§ SUPPLIED MATERIAL:

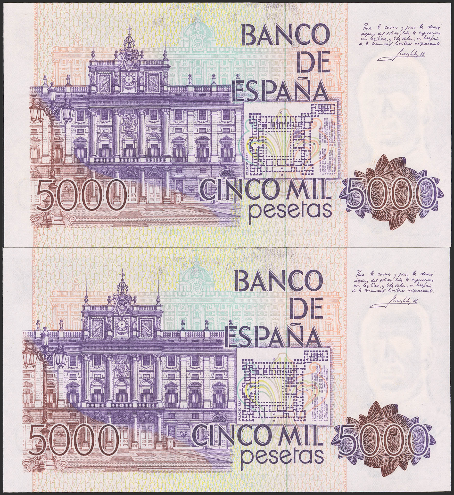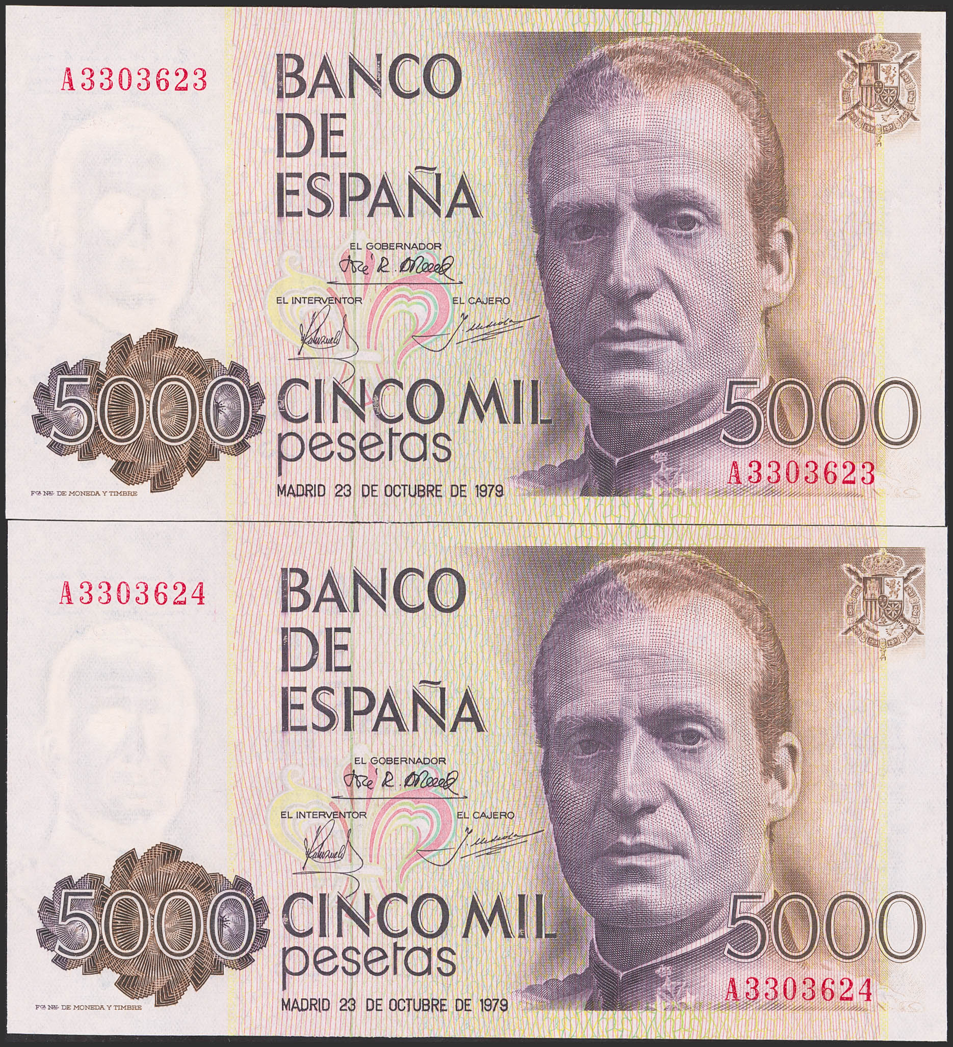 5000 Pesetas. October 23, 1979. Correlative couple. Series A. (Edifil 2023: 478a). Almost Uncirculated-.
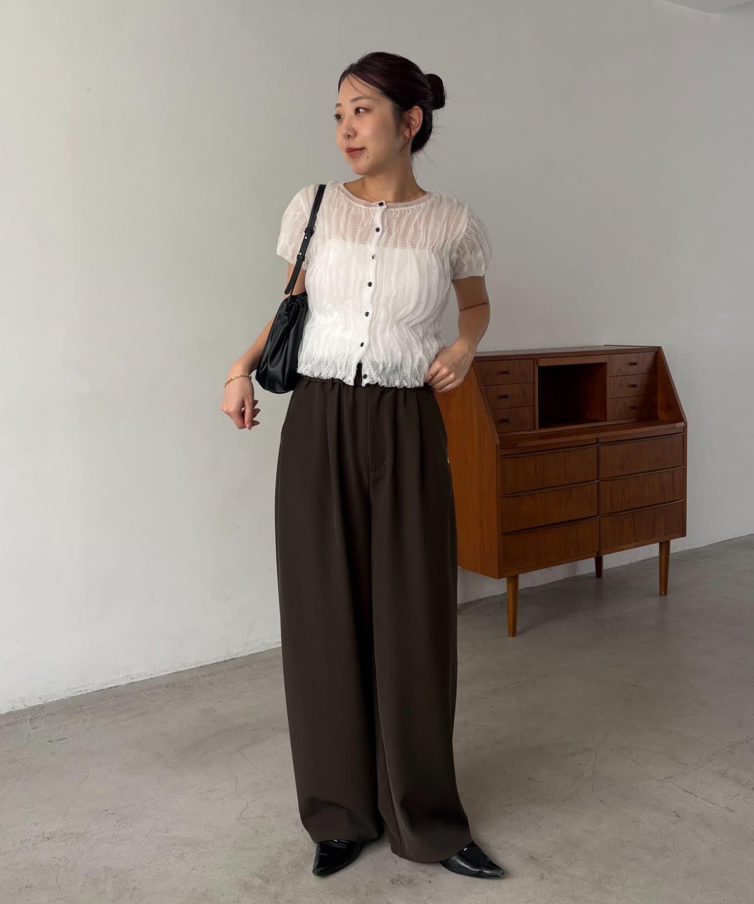 【ブラウン着用アイテム①】シャーリング半袖カーディガン
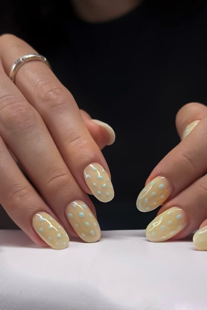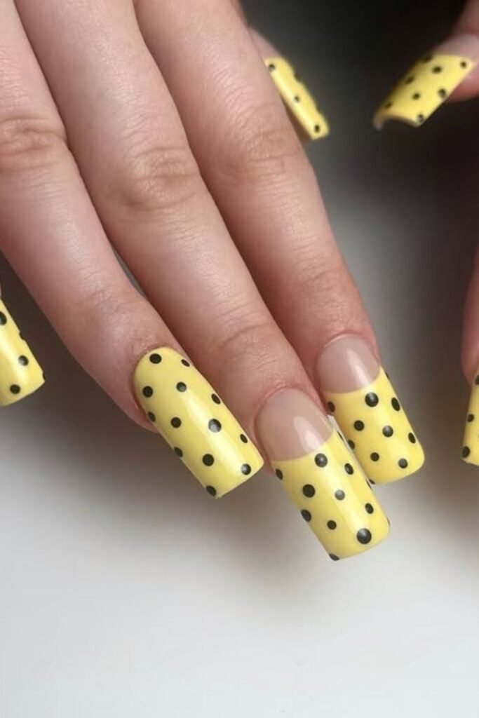 Retro polka tips use small dots in white or brown over yellow tips. The base stays nude, and the dots are evenly spaced.

§ TASK TO COMPLETE: Return the complete data unchanged and include none of the pictures.

§ RESPONSE AREA:
 5000 Pesetas. October 23, 1979. Correlative couple. Series A. (Edifil 2023: 478a). Almost Uncirculated-.
 【ブラウン着用アイテム①】シャーリング半袖カーディガン
 Retro polka tips use small dots in white or brown over yellow tips. The base stays nude, and the dots are evenly spaced.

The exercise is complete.